TickSmith’s Analytics Platform solution is different from other TCA providers in the market because the cloud infrastructure and data within is owned by the client. This protects sensitive content and provides the client programatic access to all the underlying data- either in raw, standardized, or derived format- quickly and securely. Operationalizing fast analytics in a big data environment brings with it a new set of challenges, one is that of real time quality monitoring.
“It is and will remain at the forefront of our priorities,” says Gasbarro. “We are constantly monitoring, analysing, adapting and improving our quality processes. There are so many dependencies and processes within the big data pipeline, even the smallest error or failure can pollute the analytics for a significant period of time.” Gasbarro adds, “We build robustness into that pipeline with multiple failover processes, checks and balances. It ensures that we provide our clients with consistent, reliable and quality analytics they can trust. Our clients appreciate the transparency we provide with regards to our Analytics Platform.”

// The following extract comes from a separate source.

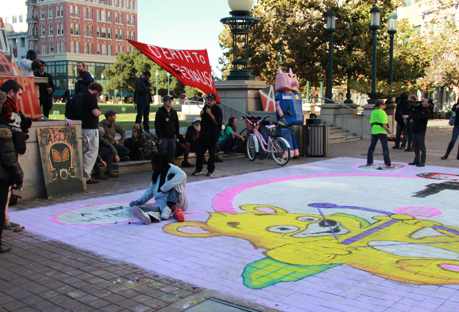 - Chalkupy, a group of artists who call themselves Fresh Juice Party, draw political and free speech movement-related messages at the plaza.

Within a short time of implementing TickSmith’s Analytics Platform, it became clear to this investment banking firm that, although the immediate need for Best Execution reporting and TCA was a pressing matter, leveraging the data for faster analytics and alternative use cases was proving much more valuable. As a result and as part of this project, the present goal at TickSmith is to capture, derive and deliver data even faster by continuing to push the boundaries of today’s big data technologies.